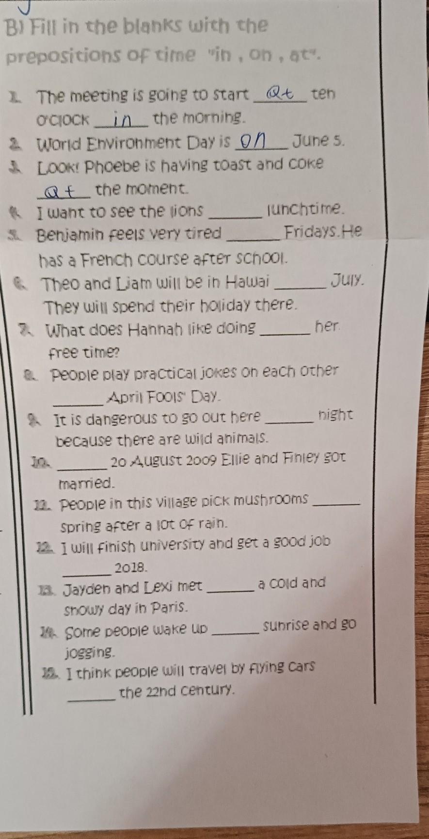 B) Fill in the blanks with the prepositions of time "in, on, at". 1 The meeting is going to start _ ten O'Clock in the morning. World Environment Day is On June 5. LOOK! Phoebe is having toast and coke at the moment. I want to see the lions S. Benjamin feels very tired_ junchtime. Fridays. He has a French course after school. Theo and Liam will be in Hawai They will spend their holiday there. 2. What does Hannah like doing_____________ her. free time? People play practical jokes on each other April Fools Day. It is dangerous to go out here because there are wild animals. July. night 20 August 2009 Ellie and Finley got married. 12. People in this village pick mushrooms Spring after a lot of rain. 12. I will finish university and get a good job 2018. 13. Jayden and Lexi met a cold and
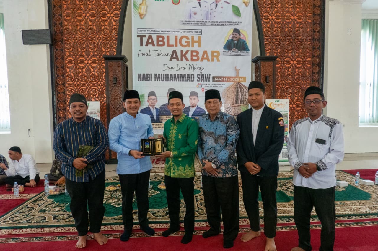 Wali Kota Tebing Tinggi, H. Iman Irdian Saragih, mendorong pengurus Karang Taruna Kota Tebing Tinggi untuk memperkuat kolaborasi dengan pemerintah daerah. Hal tersebut ditegaskan Wali Kota saat menghadiri Tabligh Akbar Karang Taruna dalam rangka Peringatan Isra Miraj 1447 Hijriah di Masjid Agung, Jalan K.L. Yos Sudarso, Sabtu (31/01/2026).
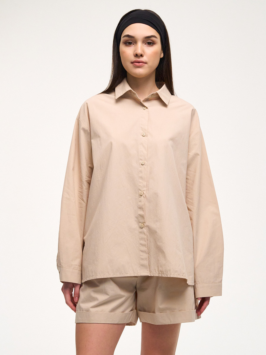 Комплект из легкого текстиля: рубашка с длинным рукавом и шорты. Свободный крой для любой фигуры.
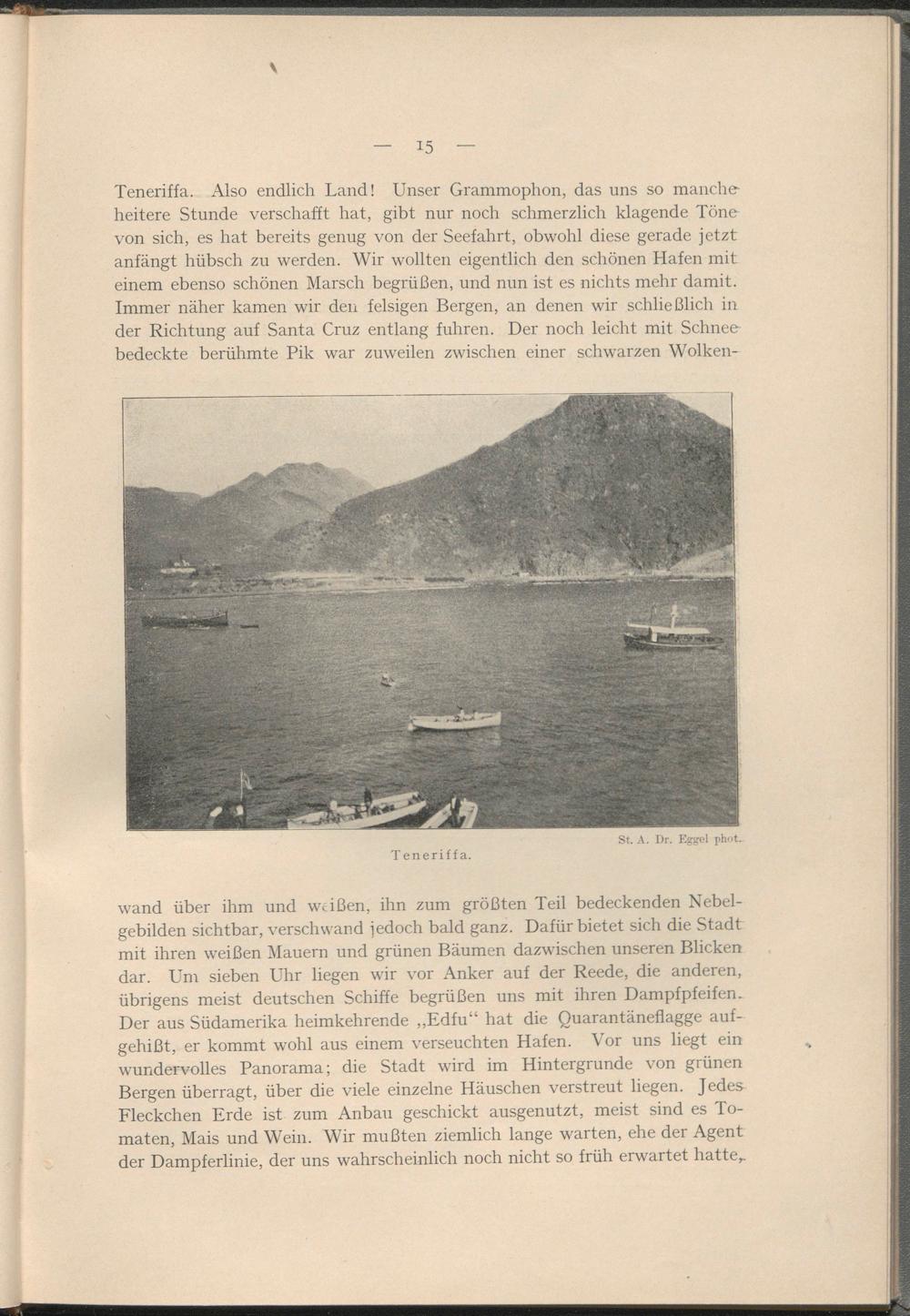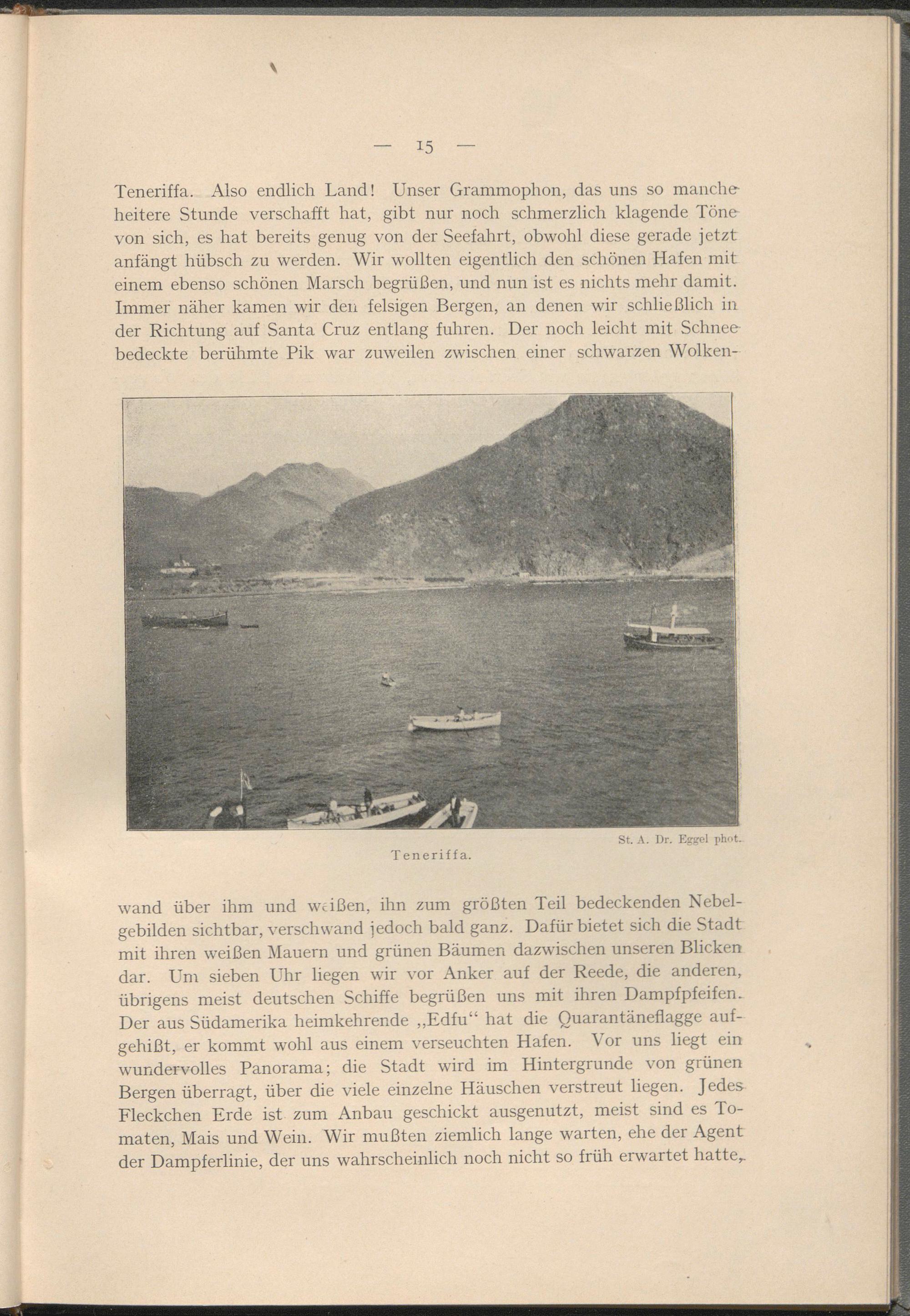 Teneriffa. Also endlich Land! Unser Grammophon, das uns so manche heitere Stunde verschafft hat, gibt nur noch schmerzlich klagende Töne von sich, es hat bereits genug von der Seefahrt, obwohl diese gerade jetzt anfängt hübsch zu werden. Wir wollten eigentlich den schönen Hafen mit einem ebenso schönen Marsch begrüßen, und nun ist es nichts mehr damit. Immer näher kamen wir den felsigen Bergen, an denen wir schließlich in der Richtung auf Santa Cruz entlang fuhren. Der noch leicht mit Schnee bedeckte berühmte Pik war zuweilen zwischen einer schwarzen Wolken-
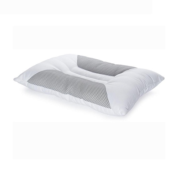 Подушка анатомической формы, с уплотненным большим валиком для шеи и комфортной выемкой для головы.
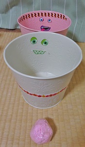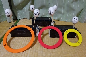 ハロウィン飾りに作った、卵の殻のおばけを使おうと思ってて、
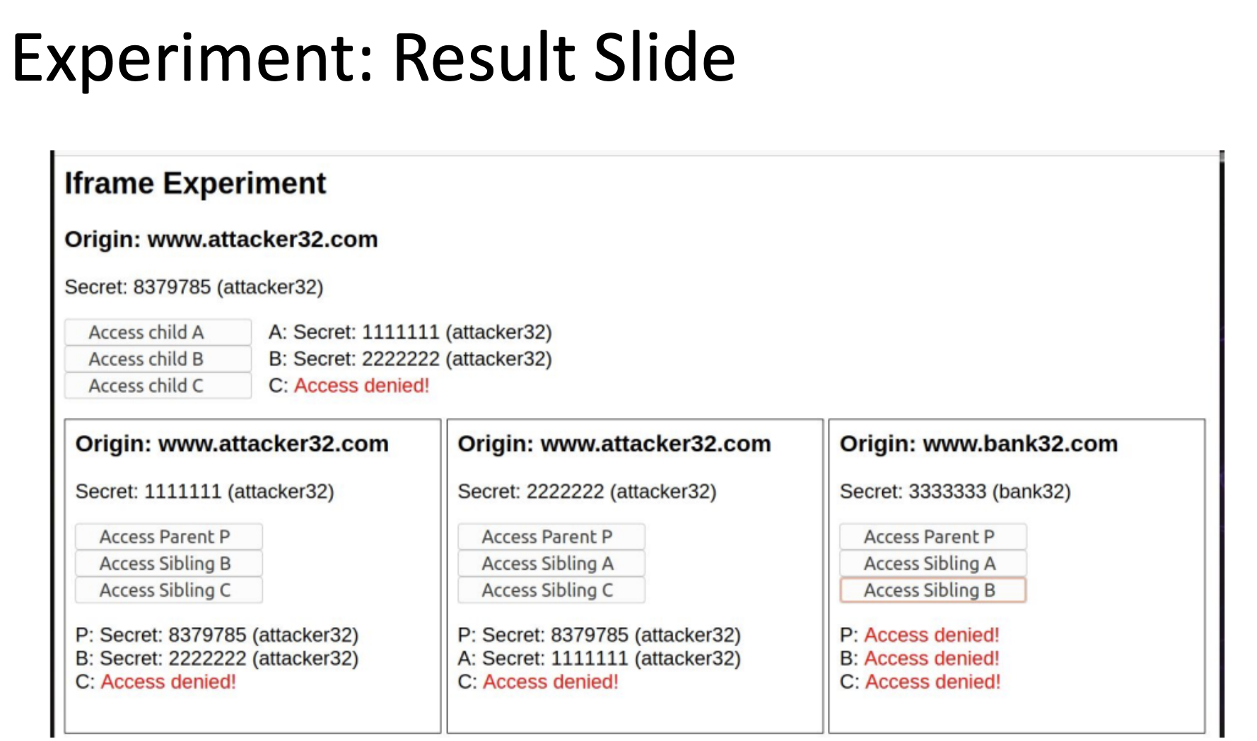 즉, iframe의 SOP로 인해 접근에 대한 결과는 다음과 같이 나타난다.
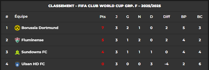 Les Sud-Africains des Mamelodi Sundowns ont marqué les esprits lors de cette Coupe du monde des clubs. Après une victoire inaugurale 1-0 face aux Sud-Coréens d’Ulsan HD et une défaite spectaculaire contre le Borussia Dortmund (4-3), ils espéraient encore se qualifier pour les huitièmes de finale. Mais malgré leur solide prestation et un match nul 0-0 face à Fluminense, les Sundowns doivent quitter la compétition dès la phase de groupes. Avec quatre points au compteur, ils échouent à la troisième place du groupe F, derrière Fluminense et Dortmund, et voient leur beau parcours s’arrêter là.

--- Task item ---
Work from the entries above. Set down exactly and only the lines from the line with "Подушка анатомической формы, с" to the line with "즉, iframe의 SOP로 인해 접근에 대한 결과는 다음과 같이 나타난다.", both included, and leave the pictures out.

--- Solution for this problem ---
 Подушка анатомической формы, с уплотненным большим валиком для шеи и комфортной выемкой для головы.
 ハロウィン飾りに作った、卵の殻のおばけを使おうと思ってて、
 즉, iframe의 SOP로 인해 접근에 대한 결과는 다음과 같이 나타난다.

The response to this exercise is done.